If I’d been stronger at the time, as a person, and more confident, I might have asked what the chances were of me being considered for manager. But I didn’t say anything, I didn’t push myself forward. The chairman, Mike Bamber, did call me in and told me who they were thinking of appointing – Alan Mullery. He asked me what he was like, as I’d played with him at Spurs. I said his pedigree is terrific – Spurs captain, England captain – can’t get a better CV than that.

So he was appointed. I was looking forward to working with him again – I hoped that as I knew him, and had been his team-mate, he’d give me some sort of coaching job. That was my hope. But then when he arrived he’d brought his own coaching staff.

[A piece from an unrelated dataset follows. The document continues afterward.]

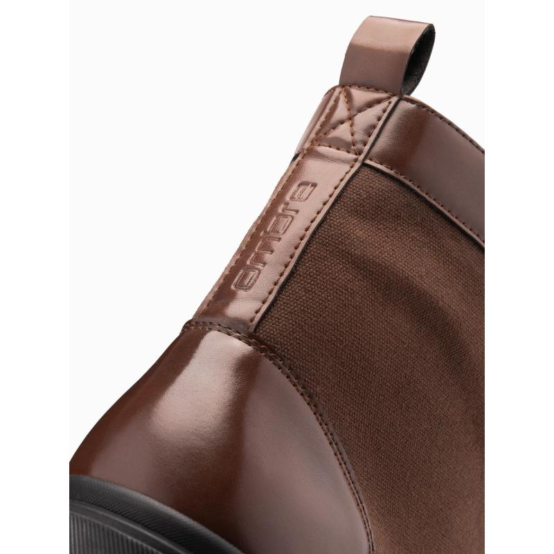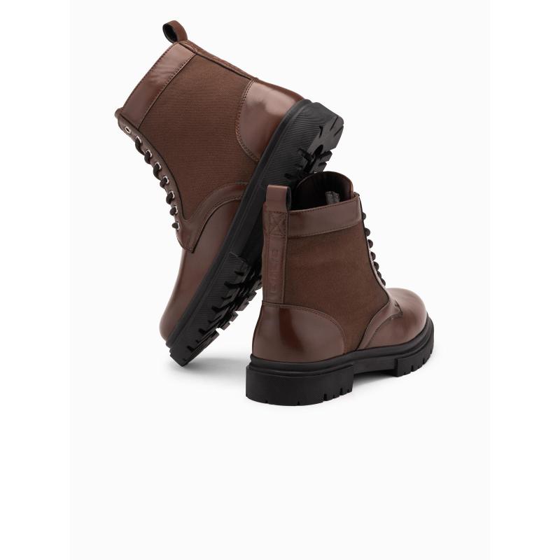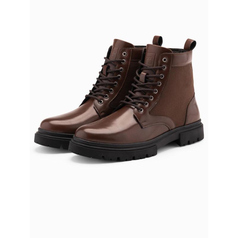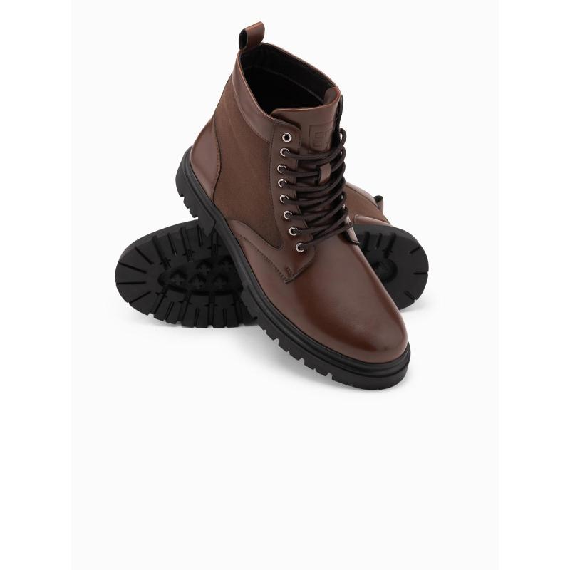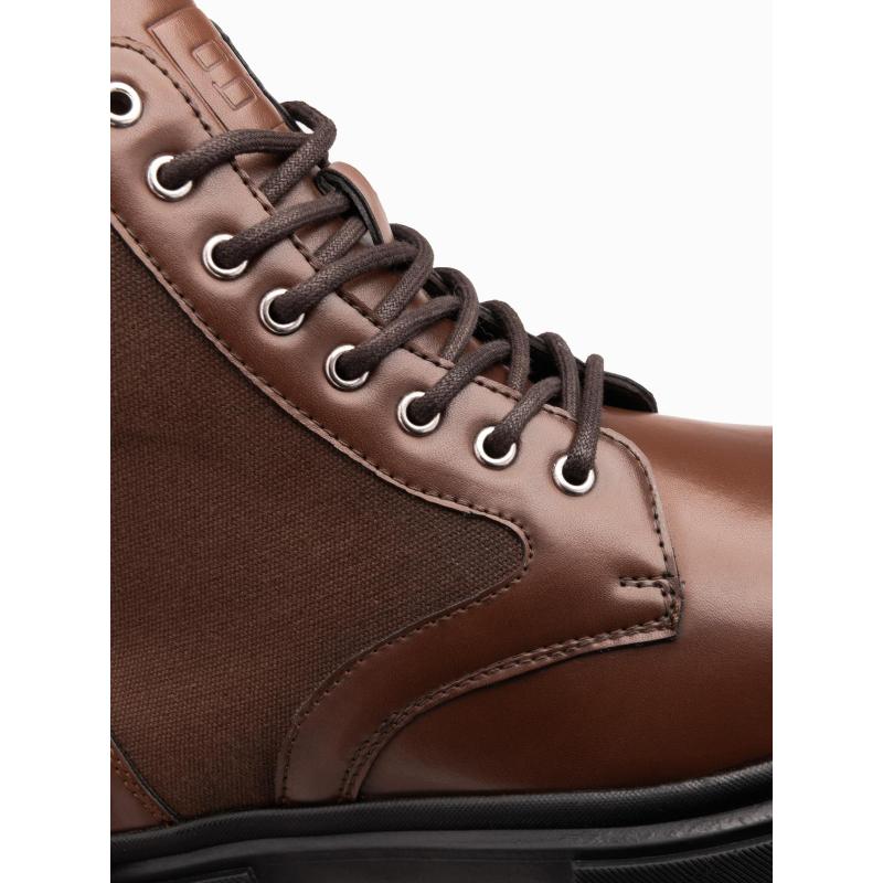 Pánske turistické topánky s vysokým zvrškom z kombinovaných materiálov – tmavohnedé V2 OM-FOBO-0174

Kinnear never featured in a game under Mullery and instead left Brighton for Woodford Town becoming player-manager. Who knows how things would have turned out if the Eire international has become one of the coaching staff at the Goldstone? Would he have been with a chance of eventually progressing to the manager’s hot-seat at Brighton? Impossible to say. However, if you are puzzled as to why the new boss was not impressed enough to offer Kinnear a coaching job, you can find the answer in Mullery’s ‘An Autobiography’ from 1985:

“A few old pros had heard that under Taylor and Clough there was a few bob about and it was up to me to get rid of the driftwood, keeping the players I wanted and bring in some youngsters. It wasn’t an easy time and a few of the senior stars gave me a rough ride. Kinnear was the worst and, after watching him play in a friendly at Maidstone, I accused him of still behaving as if he was at Tottenham or in Europe and I ordered him to lose a stone in weight. We had a number of rows and so I threatened to end his contract only to discover from secretary Ken Calver that the club owed him £18,000. He continued to rebel and eventually left the club without getting all his money.”

So, that was that. Mullery won his first real test as a manager. Kinnear, for his part, proved to be a very different character as Wimbledon boss to his lackadaisical approach as a player, relying for much of his managerial success on his ability to motivate his players. In terms of priorities, at least this was something he and Mullery could both agree upon!